Overall I feel like I have dealt with my dad's illness fairly well.  I have made more of an effort to go and see him or just call him on the phone.  When the time comes that he dies I don't want to have any regrets.  I want to send him off with all my love.

But there are moments when the reality of his illness really hits me.  It never fails that when I have a problem with my car I end up crying and so frustrated with my dad being sick.  Why?  Because the hardest part of my dad being sick is that I can't go to him with my car problems.  He can't tell me what we need to do.  And we can't go get the parts and then work together to fix it. 

Now that may sound really selfish.  It may sound like the only reason I want him healthy is to fix my car.  But that isn't it at all.  My dad doesn't fix my car, we do!  Some of my most cherished times with my dad are sitting by his side as he taught me how to work on my car.  I love saying, "my dad didn't raise me to be a wimpy girl."  I have taken quite a bit of pride in knowing that I can work on my car. 

But there is so much of it that I can't do on my own and don't want to.  I want to get covered in grease and try and figure out what my dad is going to do next.  I want to have him teach me more about the way my car works.  I want to get totally frustrated with him because he moves so slow.  But that is never going to happen again.
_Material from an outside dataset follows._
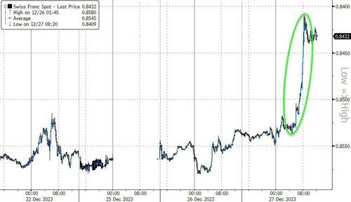 Swiss franc surges against US dollar – second biggest ‘absolute safe haven’ of the year outside FOMC/ECT days,

I took my car in today because we had a flat tire and ended up needing to replace two tires.  But they also told me that my CV boot is torn and so the axle needs to be replaced.  After paying for the tires I went and sat in my car and cried because Dad and I have replaced the axles before.  I know it is something I can do with him but not without him. 

And on a day when everything else has gone wrong a little girl needs her dad to come and rescue her.  Only my dad can't rescue me anymore.